Art Objects is a collection of essays about art, all kinds of art, and people’s relationship with art.  I come from a place where art, except literature, has always seemed out of reach to me.  It was something I associated with wealthy people – snobby people, even.  The worst course I took in college was History of Modern Art.  My other half is an art and theater lover, and I have softened my position some due to her influence – but, I still struggle with unreasonable feelings of self-consciousness in a museum or at the theater – somewhere in the back of my mind, I still feel I don’t belong in that crowd.

Art Objects addresses many aspects of art, and has given me pause to rethink my attitude.  This book alone is not enough to wipe away years of weird discomfort about certain kinds of art, but it did make me think about my own writing as art, among other things.  That said, here is one of a dozen or so passages I earmarked in the book:

Against daily insignificance art recalls to us possible sublimity. It cannot do this if it is merely a reflection of actual life. Our real lives are elsewhere. Art finds them.

Should people be treated as fictions? The question is an ethical one only if we assume that fiction is a copy of actual life. If we do, then art always is autobiography or biography and the skill of the artist is making it into a pretty toy or perhaps an educational instrument. Art should not drag unwilling actors into its animation. … Instead of art aspiring towards lifelikeness what if life aspires towards art, toward a creative controlled focus of freedom, outside the tyranny of matter? What if the joke about life imitating art were a better joke than we think?

Are real people fictions? We mostly understand ourselves through an endless series of stories told to ourselves by ourselves and others. The so-called facts of our individual worlds are highly coloured and arbitrary, facts that fit whatever fiction we have chosen to believe in. It is necessary to have a story, an alibi that gets us through the day, but what happens when thes tory becomes a scripture? When we can no longer recognise anything outside of our own reality? We have to be careful not to live in a state of constant self-censorship, where whatever conflicts with our world-view is dismissed or diluted until it ceases to be a bother. Struggling against the limitations we place upon our minds is our own imaginative capacity, a recognition of an inner life often at odds with the external figurings we spend so much energy supporting.
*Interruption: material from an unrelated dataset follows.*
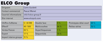Avec 4 sites de production (Angers France, Carsoli Italie, Foshan Chine, Helmond Pays-Bas), le groupe ELCO propose l’une des offres les plus complètes du marché. Le site d’Angers est conforté dans sa stratégie de fabricant prototypes et petites séries de circuits multicouches (HDI, séquentiels, μvias, ...) à fortes exigences Fiabilité, pour l’ensemble des clients du groupe. Projets pour 2014 : Elargissement de l’offre commerciale suite à l’acquisition de Ramaer (NL) Investissement sur Angers d’une nouvelle presse sous vide

When we let ourselves respond to poetry, to music, to pictures, we are clearing a space where new stories can root, in effect we are clearing a space for new stories about ourselves.

Follow the links

Callie Leuck really grabbed me with the opening paragraph of her very well written rant about discrimination.  Check it out.  You’ll enjoy it.  Thanks for speaking up, Callie!

I’m not normally a “life lessons” kind of person, but maybe it’s because I just haven’t read the right lists.  This post by Julie Farrar is really great.  Julie’s sense of humor and her writing style are a bit understated – this combines for a read that will make you smile more than once.  In fact, while you’re at it, read this awesome graduation speech she wrote for parents.

You’ll also get some laughs from the transcripts of hilarious conversations Heather Davis has with her kids.  She posts a Conversation of the Week, and this is a link to the entire category.  Her other posts are funny, too, but I particularly love the Conversation of the Week.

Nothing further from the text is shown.